→ Exercise description:
Lines from the one holding "会上,齐毅书记带领参会人员认" through the end of the entries, inclusive, form the whole output; reproduce them exactly and omit pictures.

→ Saved entries:
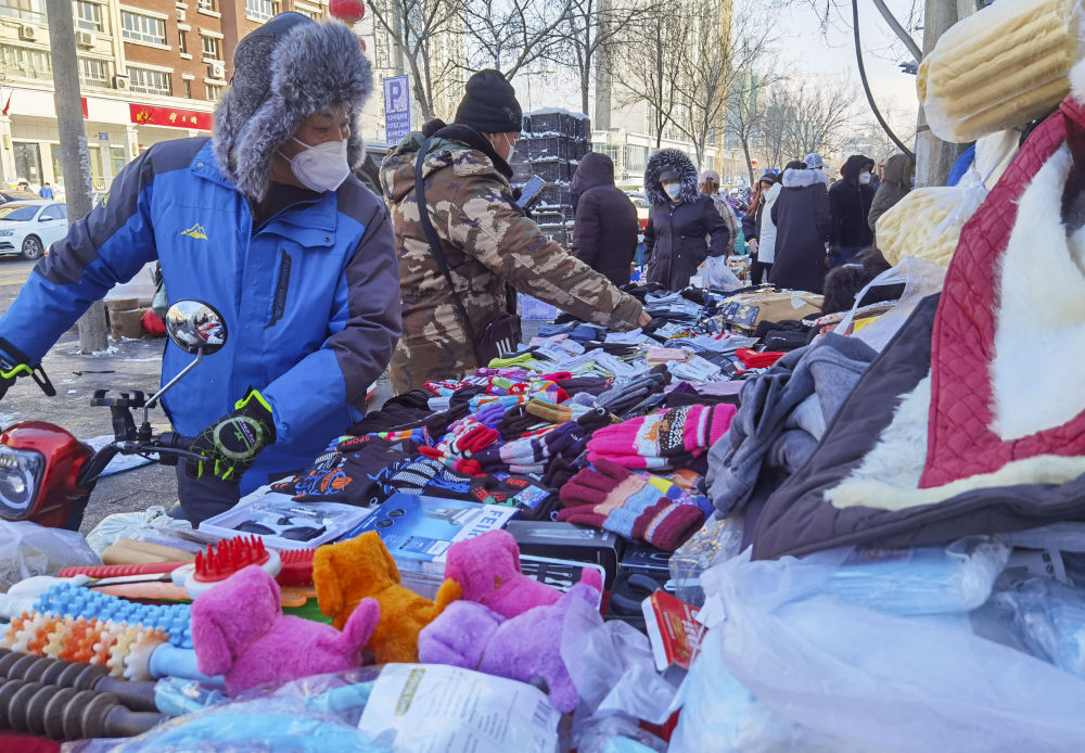 11月28日,路人在万和街的摊位前选购袜子手套等商品(手机照片)。新华社记者胡虎虎 摄
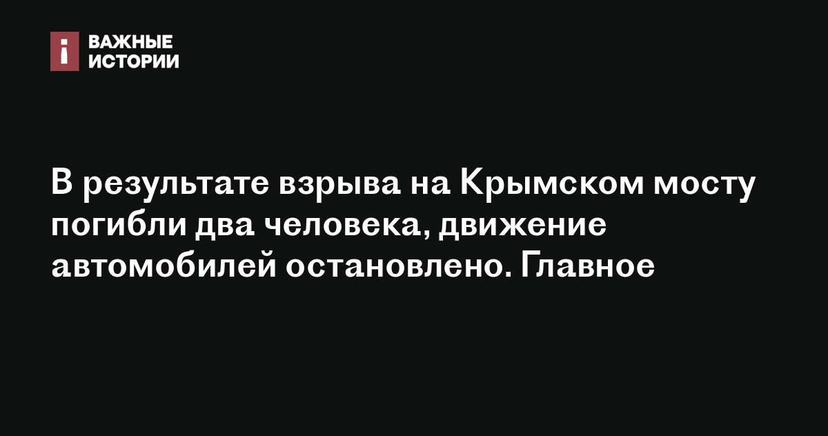 В результате взрыва на Крымском мосту погибли два человека, движение автомобилей остановлено. Главное
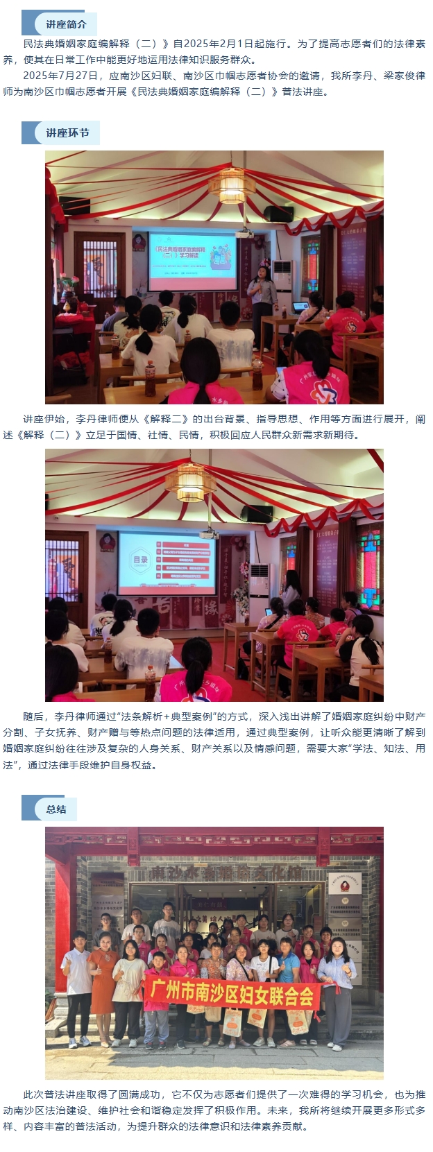 金桥司徒邝普法|李丹律师受邀为南沙区巾帼志愿者协会开展《民法典婚姻家庭编解释(二)》普法讲座
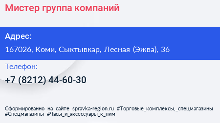 Мистер, группа компаний по адресу 167026, Коми, Сыктывкар, Лесная (Эжва), 36 в дальнейшем Организация, размещена в следующих категориях:
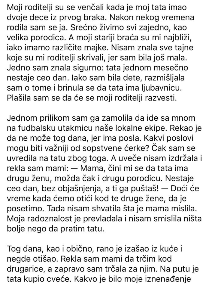 Jednom prilikom sam ga zamolila da ide sa mnom na fudbalsku utakmicu naše lokalne ekipe. Rekao je da ne može tog dana, jer ima posla. Kakvi poslovi mogu biti važniji od sopstvene ćerke? Čak sam se uvredila na tatu zbog toga. A uveče nisam izdržala i rekla sam mami: — Mama, čini mi se da tata ima drugu ženu, možda čak i drugu porodicu. Nestaje ceo dan, bez objašnjenja, a ti ga puštaš! — Doći će vreme kada ćemo otići kod te druge žene, da je posetimo. Tada nisam shvatila šta je mama mislila. Moja radoznalost je prevladala i nisam smislila ništa bolje nego da pratim tatu. Tog dana, kao i obično, rano je izašao iz kuće i negde otišao. Rekla sam mami da trčim kod drugarice, a zapravo sam trčala za njim. Na putu je tata kupio cveće. Kakvo je bilo moje iznenađenje kada sam videla da je tata otišao na groblje. — Zašto mu je tako rano na groblju? — pomislila sam. Tata je prišao nekoj grobnici, stavio cveće, zapalio sveću i seo na klupu. Tako je sedeo nekoliko sati, nepomično. Dosadilo mi je da ga posmatram i, zbunjena, vratila sam se kući. Kod kuće sam odmah pitala mamu kod koga tata ide na groblje, na šta mi je mama rekla:
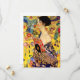 Card featuring Gustav Klimt’s oil painting Lady with Fan (1918). A woman wearing a blue kimono holds a red fan against a colourful yellow background of flowers and peacocks. A great gift for fans of Japonisme and European art.
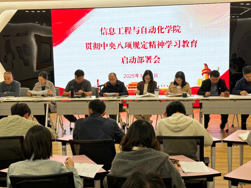 会上,齐毅书记带领参会人员认真学习贯彻习近平总书记关于深入贯彻中央八项规定精神学习教育的重要讲话和重要指示精神,传达学习中央党的建设工作领导小组会议、中共中央办公厅《关于在全党开展深入贯彻中央八项规定精神学习教育的通知》精神,传达学习省委、学校党的建设工作领导小组会议精神。
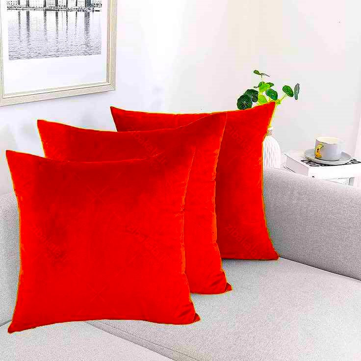 کوسن ساده مخمل کالیفرنیا رنگ قرمز زیب مخفی

→ Exercise output:
 会上,齐毅书记带领参会人员认真学习贯彻习近平总书记关于深入贯彻中央八项规定精神学习教育的重要讲话和重要指示精神,传达学习中央党的建设工作领导小组会议、中共中央办公厅《关于在全党开展深入贯彻中央八项规定精神学习教育的通知》精神,传达学习省委、学校党的建设工作领导小组会议精神。
 کوسن ساده مخمل کالیفرنیا رنگ قرمز زیب مخفی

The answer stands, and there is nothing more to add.